On Wed, Nov 29, 2017 at 5:28 PM, Tom Karzes <karzes@sonic.net <javascript:;>> wrote:
In the case where a=3, note that:
3^(3^3) = 3^(3*3*3) = ((3^3)^3)^3
Call the first form x and the last form y. They have different numbers of threes, but we can balance them by using equal numbers of x and y, e.g.
x^y = y^x
i.e.:
(3^(3^3))^(((3^3)^3)^3) = (((3^3)^3)^3)^(3^(3^3))
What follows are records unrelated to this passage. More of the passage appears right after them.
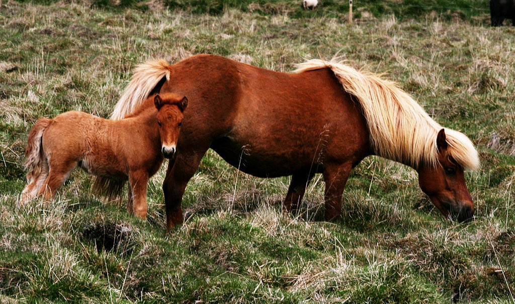 icelandic horses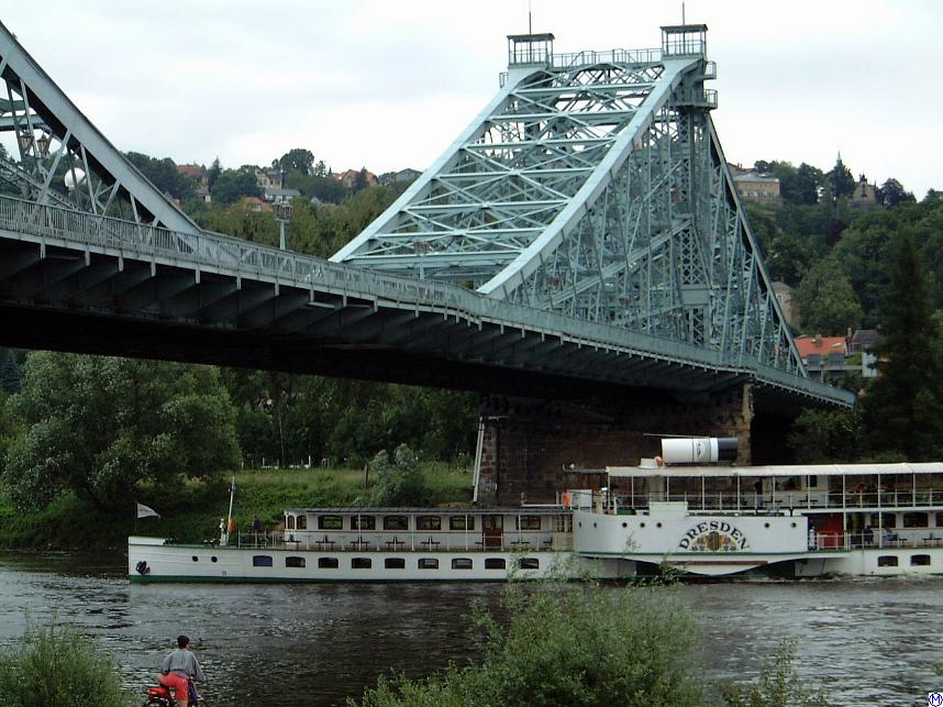 Paddle Steamer “Dresden” passing Elbe-Bridge Blue Wonder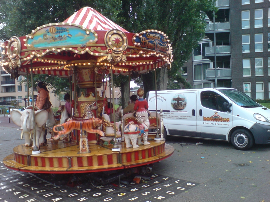 A carousel which you see a lot at fairs in The Netherlands.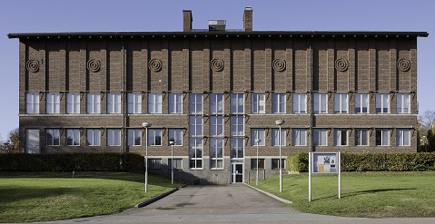 Halland Art Museum, viewed from the shore of river Nissan. October 2016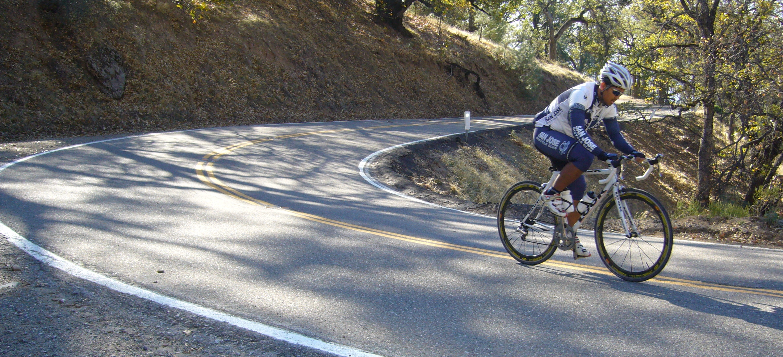 Local cyclist (San Jose Bicycle Club) on an ascent of the mountain in the morning of November 22, 2007.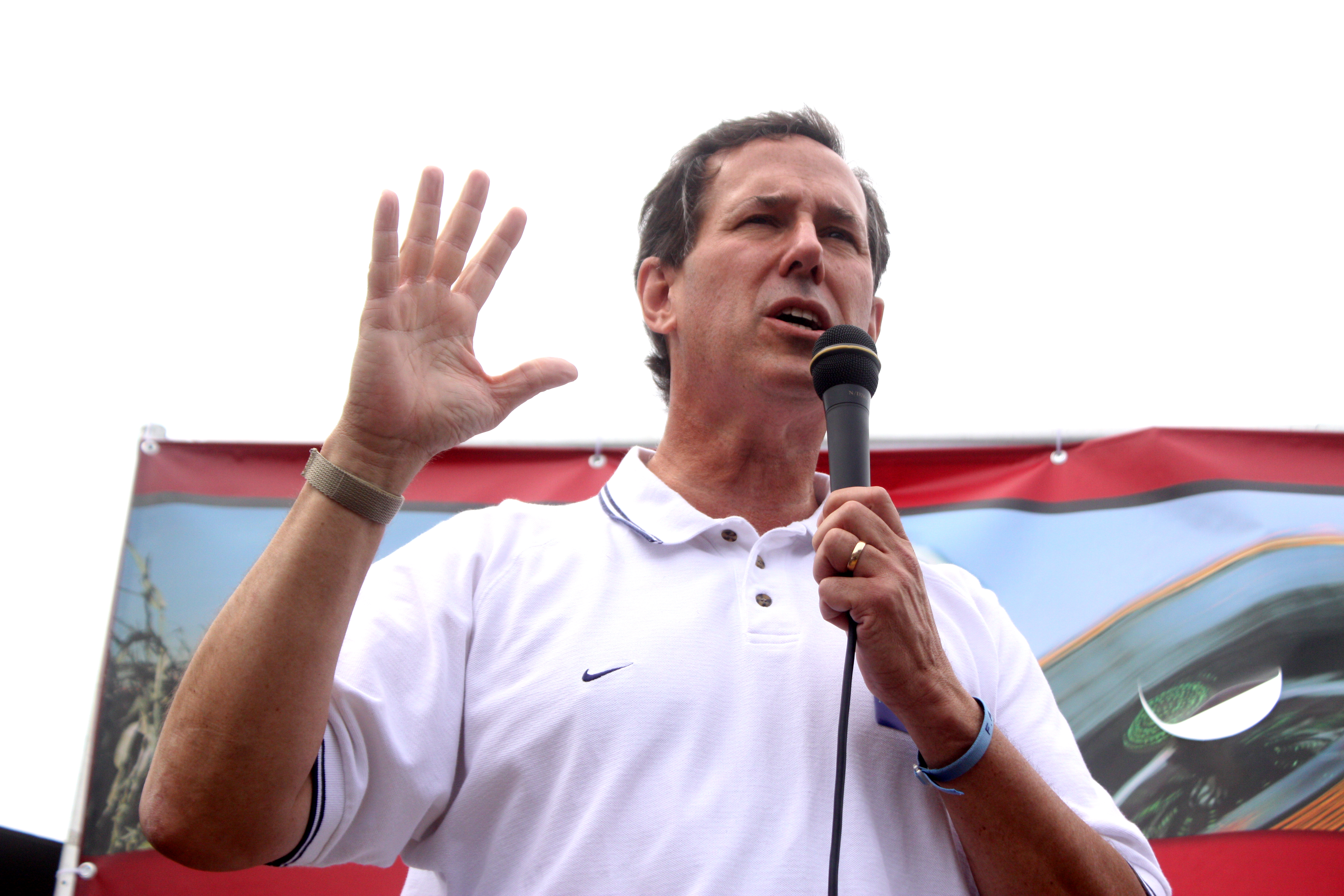 Rick Santorum at the Iowa State Fair in Des Moines, Iowa, ahead of the Ames Straw Poll.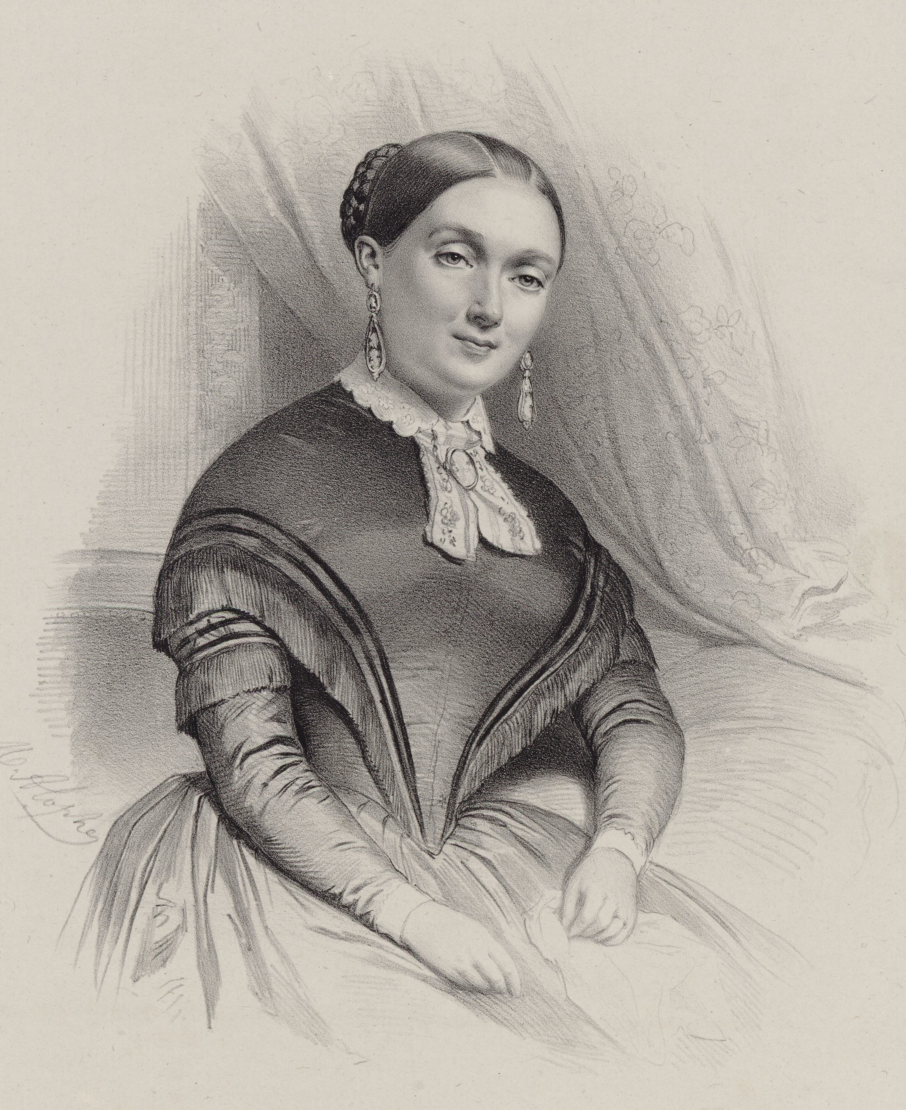 French composer and songwriter Loïsa Puget (1810-1889) by Marie-Alexandre Alophe (1812-1883).

You can do the same thing for any integer. E.g. in the case of a=4:
4^(4^4) = 4^(4*4*4*4) = (((4^4)^4)^4)^4
Tom
Allan Wechsler writes:
Rich politely shielded me from the jeers of the rest of the list in pointing out an "algebraic" identity that applies to 3 as it does to any number, namely:
(a^a)^(a^a) = (a^(a^a))^a
In general, if K and L are two different exponentiation-towers, then (a^K)^L = a^(KL) = (a^L)^K. This inspires two new questions:
(1) Is this "KL law" the only algebraic law that exponentiation-towers obey in general, or are there other such general relations not inferrable from the KL law?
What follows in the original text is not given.